Your response should consist of the entire listing, transcribed exactly, with every image left out.

Provided data:
────────────────────────────────────────

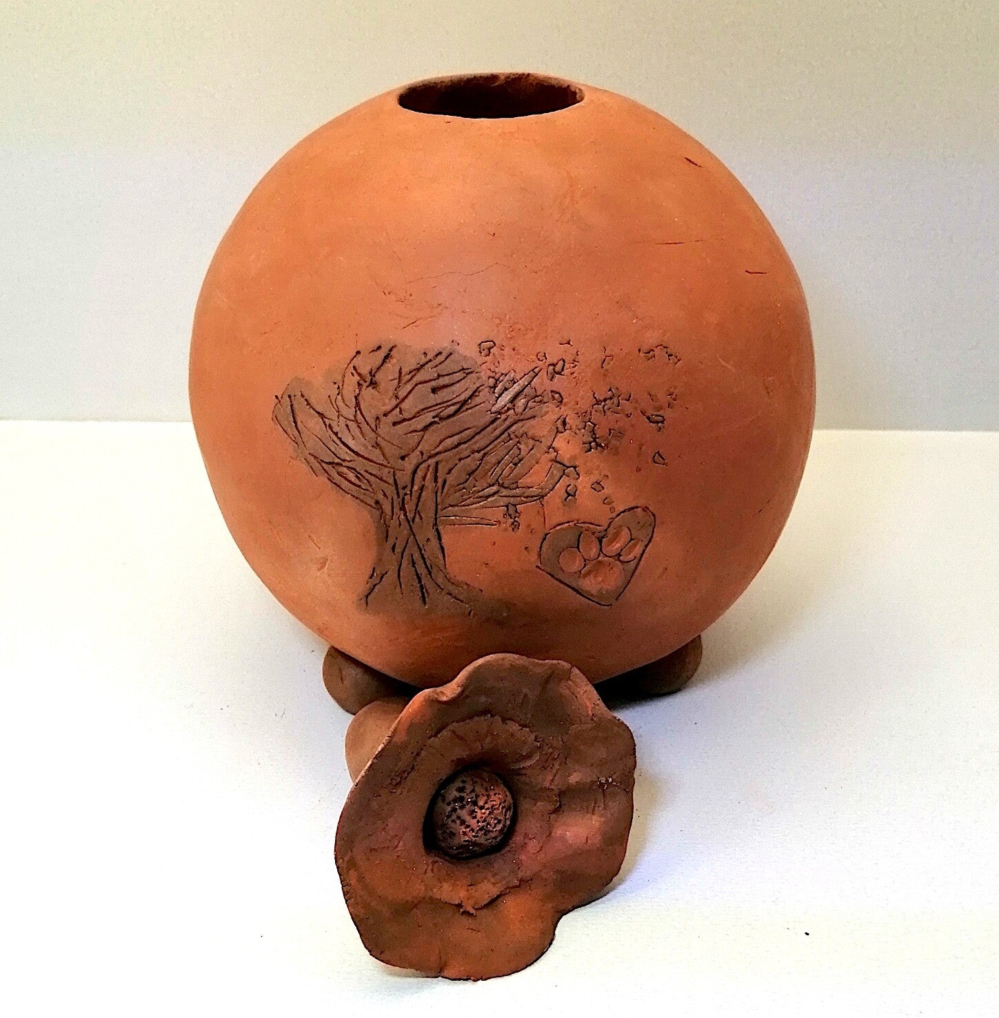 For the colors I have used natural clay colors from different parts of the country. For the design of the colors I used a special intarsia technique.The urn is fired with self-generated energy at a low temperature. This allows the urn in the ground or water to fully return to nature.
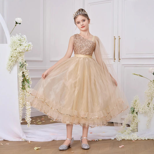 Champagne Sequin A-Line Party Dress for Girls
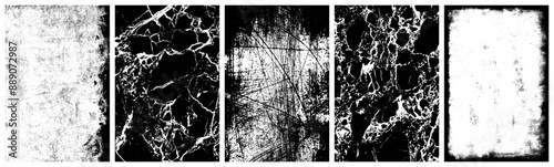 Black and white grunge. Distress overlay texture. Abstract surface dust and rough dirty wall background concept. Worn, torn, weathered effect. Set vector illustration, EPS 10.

────────────────────────────────────────

Result of this exercise:
 For the colors I have used natural clay colors from different parts of the country. For the design of the colors I used a special intarsia technique.The urn is fired with self-generated energy at a low temperature. This allows the urn in the ground or water to fully return to nature.
 Champagne Sequin A-Line Party Dress for Girls
 Black and white grunge. Distress overlay texture. Abstract surface dust and rough dirty wall background concept. Worn, torn, weathered effect. Set vector illustration, EPS 10.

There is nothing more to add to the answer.